Principal right ideal rings and right Bézout rings are also closed under quotients, that is, if I is a proper ideal of principal right ideal ring R, then the quotient ring R/I is also principal right ideal ring. This follows readily from the isomorphism theorems for rings.

All properties above have left analogues as well.

== Commutative examples ==

1. The ring of integers: $\mathbb{Z}$
2. The integers modulo n: $\mathbb{Z}/n\mathbb{Z}$.
3. Let $R_1,\ldots,R_n$ be rings and $R = \prod_{i=1}^n R_i$. Then R is a principal ring if and only if R_{i} is a principal ring for all i.
4. The localization of a principal ring at any multiplicative subset is again a principal ring. Similarly, any quotient of a principal ring is again a principal ring.
5. Let R be a Dedekind domain and I be a nonzero ideal of R. Then the quotient R/I is a principal ring. Indeed, we may factor I as a product of prime powers: $I = \prod_{i=1}^n P_i^{a_i}$, and by the Chinese Remainder Theorem $R/I \cong \prod_{i=1}^n R/P_i^{a_i}$, so it suffices to see that each $R/P_i^{a_i}$ is a principal ring. But $R/P_i^{a_i}$ is isomorphic to the quotient $R_{P_i}/P_i^{a_i} R_{P_i}$ of the discrete valuation ring $R_{P_i}$ and, being a quotient of a principal ring, is itself a principal ring.
6. Let k be a finite field and put $A = k[x,y]$, $\mathfrak{m} = \langle x, y \rangle$ and $R = A/\mathfrak{m}^2$. Then R is a finite local ring which is not principal.
7. Let X be a finite set. Then $(\mathcal{P}(X),\Delta,\cap)$ forms a commutative principal ideal ring with unity, where $\Delta$ represents set symmetric difference and $\mathcal{P}(X)$ represents the powerset of X. If X has at least two elements, then the ring also has zero divisors. If I is an ideal, then $I=(\bigcup I)$. If instead X is infinite, the ring is not principal: take the ideal generated by the finite subsets of X, for example.
8. Galois rings are commutative local PIRs. They are constructed from the integers modulo $p^k$ in essentially the same way that finite field extensions of the integers modulo $p$, and the maximal ideal is generated by $p$.

== Structure theory for commutative PIR's ==

The principal rings constructed in Example 5 above are always Artinian rings; in particular they are isomorphic to a finite direct product of principal Artinian local rings.
A local Artinian principal ring is called a special principal ring and has an extremely simple ideal structure: there are only finitely many ideals, each of which is a power of the maximal ideal. For this reason, special principal rings are examples of uniserial rings.

The following result gives a complete classification of principal rings in terms of special principal rings and principal ideal domains.

Zariski–Samuel theorem: Let R be a principal ring. Then R can be written as a direct product $\prod_{i=1}^n R_i$, where each R_{i} is either a principal ideal domain or a special principal ring.
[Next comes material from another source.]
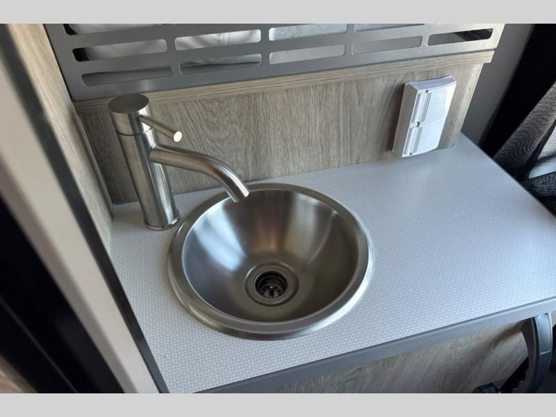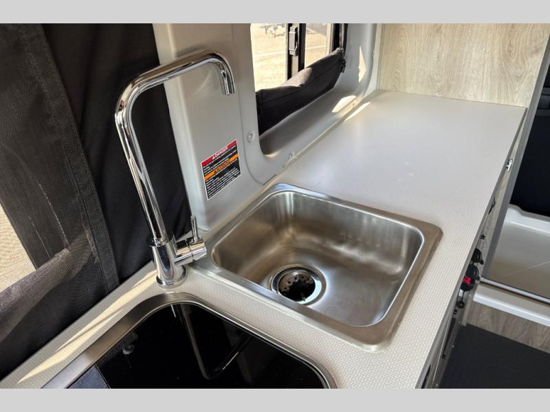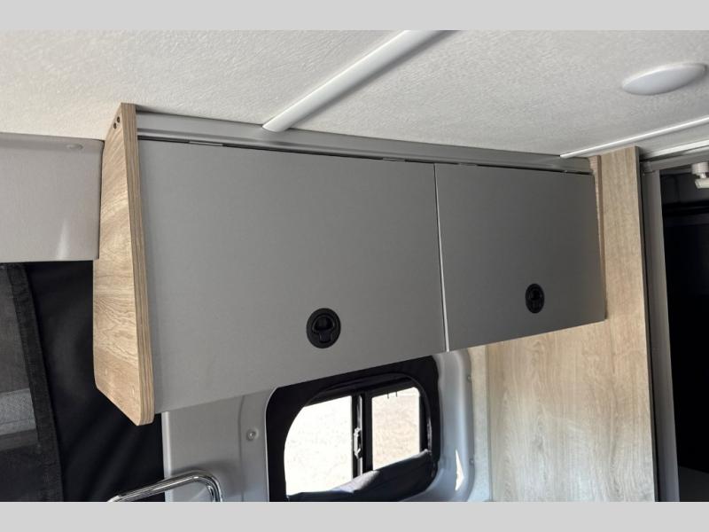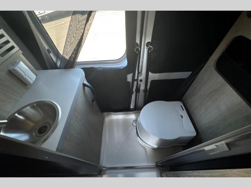 This camper van is perfect for independent travel or if you've got a camping partner to take along with you! The convertible dinette bed can transform into a twin-size bed for one or a double-size bed for two. And the optional pop-top sleeping area can be added if you're needing more sleeping space The three seating modes include a belt mode, sofa mode, or lounge mode for even more comfort. You will find all you need in the kitchen to prepare meals each day, including a two burner range with a glass cover for more counter space and a 3.0 cu. ft. 12V single door compressor-driven refrigerator/freezer for food storage. There is a shower with a wall surround in the rear wet bath, along with a removable cassette toilet, a medicine cabinet with a mirror, and a wardrobe cabinet with added storage. This space could also be used as a mudroom after a day of exploring, or utilize it for storage!

The proof applies the Chinese Remainder theorem to a minimal primary decomposition of the zero ideal.

There is also the following result, due to Hungerford:

Theorem (Hungerford): Let R be a principal ring. Then R can be written as a direct product $\prod_{i=1}^n R_i$, where each R_{i} is a quotient of a principal ideal domain.

The proof of Hungerford's theorem employs Cohen's structure theorems for complete local rings.

Arguing as in Example 3. above and using the Zariski-Samuel theorem, it is easy to check that Hungerford's theorem is equivalent to the statement that any special principal ring is the quotient of a discrete valuation ring.

==Noncommutative examples==

Every semisimple ring R which is not just a product of fields is a noncommutative right and left principal ideal ring (it need not be a domain, as the example of n x n matrices over a field shows). Every right and left ideal is a direct summand of R, and so is of the form eR or Re where e is an idempotent of R. Paralleling this example, von Neumann regular rings are seen to be both right and left Bézout rings.

If D is a division ring and $\sigma$ is a ring endomorphism which is not an automorphism, then the skew polynomial ring $D[x,\sigma]$ is known to be a principal left ideal domain which is not right Noetherian, and hence it cannot be a principal right ideal ring. This shows that even for domains principal left and principal right ideal rings are different.